Morningstar recommends carving out about 4 to 6 percent of your portfolio for commodities or commodity-linked funds. Both Benz and Early like PIMCO's Commodity Real Return Fund (PCRAX), which invests in both commodities and TIPS. Benz also likes T. Rowe Price's New Era Fund (PRNEX), because of its broad exposure to inflation-sensitive natural resources such as oil, natural gas, and coal.
Add a common stock index. Simply buying high-quality stocks or investing in a stock fund, such as one that tracks the S&P 500-stock index, is another option. "The logic here is that [the value] will go down a bit when we have inflation but eventually the companies will be able to charge more and stocks will rise," Early says. "The benefit is that you're less likely to see a bubble in a stock fund if we have inflation than in some of the obvious places like TIPS and commodities."
So while inflation might be a year or two down the road, it's never too early to start shoring up your portfolio and adding some inflation-protecting supports.
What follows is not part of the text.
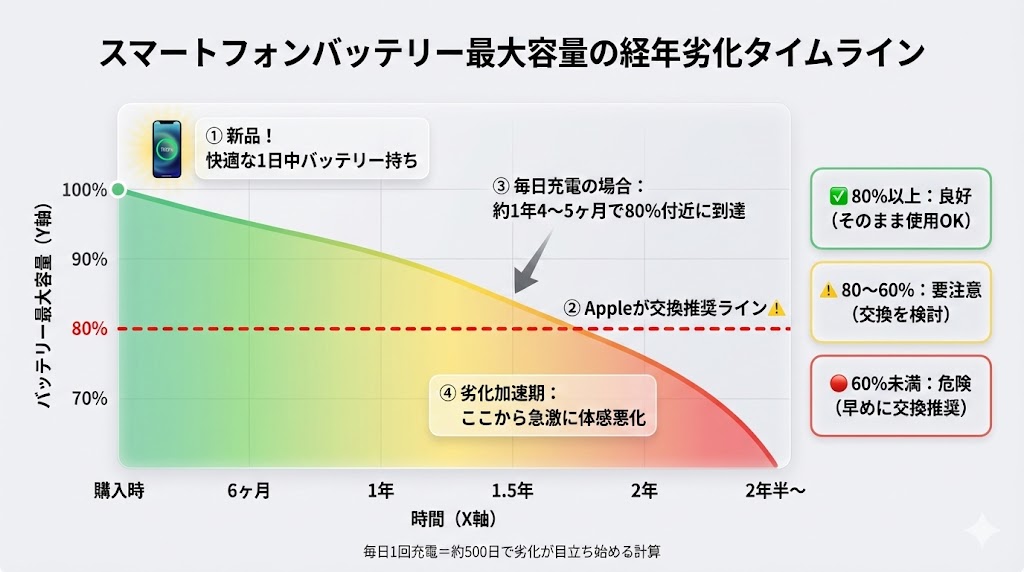 充電サイクルについては、一般的にリチウムイオン電池は約500回の充電で初期容量の70〜80%程度まで劣化するといわれています。毎日1回充電していると、単純計算で1年4〜5ヶ月ほどで劣化が目立ってくる計算です。

What that looks like depends on the variety of your existing investments. "If [inflation is] on the horizon, act now," Early says. "By the time we start seeing meaningful changes in the CPI, it might be too late to make your move." If your portfolio is particularly bond heavy, Early says inflation protection is crucial because most bonds have fixed payments that don't grow with inflation. Plus, if the Fed raises interest rates, your existing bonds lose value. However, if you have a fairly diverse set of common stocks, you might not need to do much to hedge against inflation, Early says.
The bottom line: Don't go whole-hog trying to outsmart the market and overprotect against inflation, but be prepared for the almost inevitable reality of inflation. Diversifying your portfolio and keeping a fair amount of common stocks might be enough to stave off inflation's effects, but holding some TIPS can solidify inflation protection for your portfolio as well.